(Activity): Would you write out every entry exactly, but without the pictures?
------ Exercise input
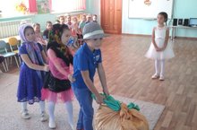 Воспитанники подготовителҗной группы провели развлечение "Сюмбеля". Отгадывали загадки, пели песенки, танөевали с разноөветными листҗями, показали сказку "Репку".
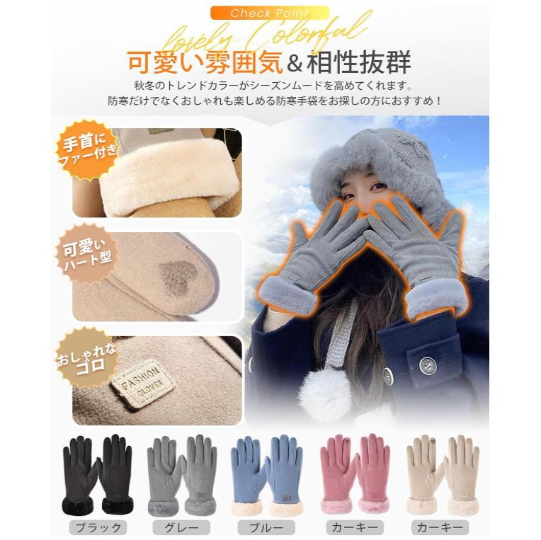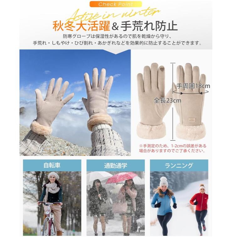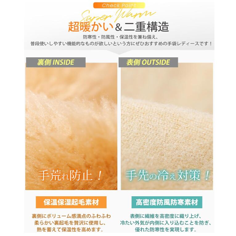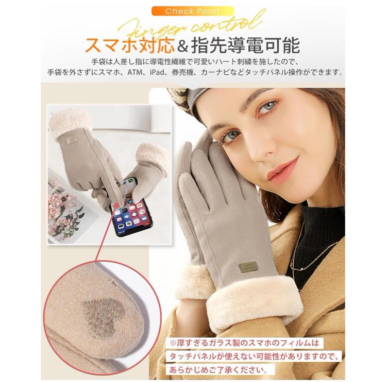 手袋 手ぶくろ グローブ スマホ手袋 レディース 韓国 冬 かわいい タッチパネル スマホ対応 モコモコ 防寒防風 撥水加工 裏起毛 裏フリース 厚手 保温 アウトドア スポーツ 快適操作
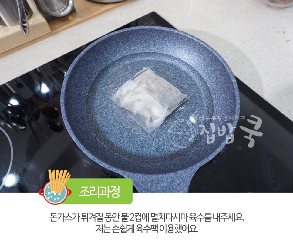 2. 돈까스가 조리되는 동안에 물 2컵에 멸치다시마 육수를 내주세요.
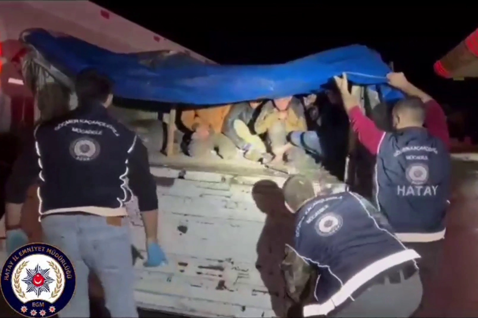 Çalışmalar kapsamında; 18 Şubat günü Antakya-İskenderun yolu üzerinde durdurulan tırın dorsesinde branda altında taşınan ve Türkiye’de geçerli oturma izni olmadığı anlaşılan 12 yabancı uyruklu göçmen yakalandı.
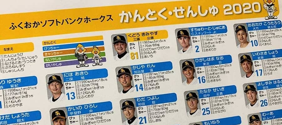 「かんとく・せんしゅ2020」には、工藤公康監督と支配下登録の67選手を掲載。選手名と生年月日や身長体重、出身地などがひらがなで表記されている。大きさはA4サイズでPDFデータをダウンロードすれば、タブレットなどで閲覧できるほか自宅のプリンターやコンビニでプリントアウトが可能だ。
------------
(Written solution):
 Воспитанники подготовителҗной группы провели развлечение "Сюмбеля". Отгадывали загадки, пели песенки, танөевали с разноөветными листҗями, показали сказку "Репку".
 手袋 手ぶくろ グローブ スマホ手袋 レディース 韓国 冬 かわいい タッチパネル スマホ対応 モコモコ 防寒防風 撥水加工 裏起毛 裏フリース 厚手 保温 アウトドア スポーツ 快適操作
 2. 돈까스가 조리되는 동안에 물 2컵에 멸치다시마 육수를 내주세요.
 Çalışmalar kapsamında; 18 Şubat günü Antakya-İskenderun yolu üzerinde durdurulan tırın dorsesinde branda altında taşınan ve Türkiye’de geçerli oturma izni olmadığı anlaşılan 12 yabancı uyruklu göçmen yakalandı.
 「かんとく・せんしゅ2020」には、工藤公康監督と支配下登録の67選手を掲載。選手名と生年月日や身長体重、出身地などがひらがなで表記されている。大きさはA4サイズでPDFデータをダウンロードすれば、タブレットなどで閲覧できるほか自宅のプリンターやコンビニでプリントアウトが可能だ。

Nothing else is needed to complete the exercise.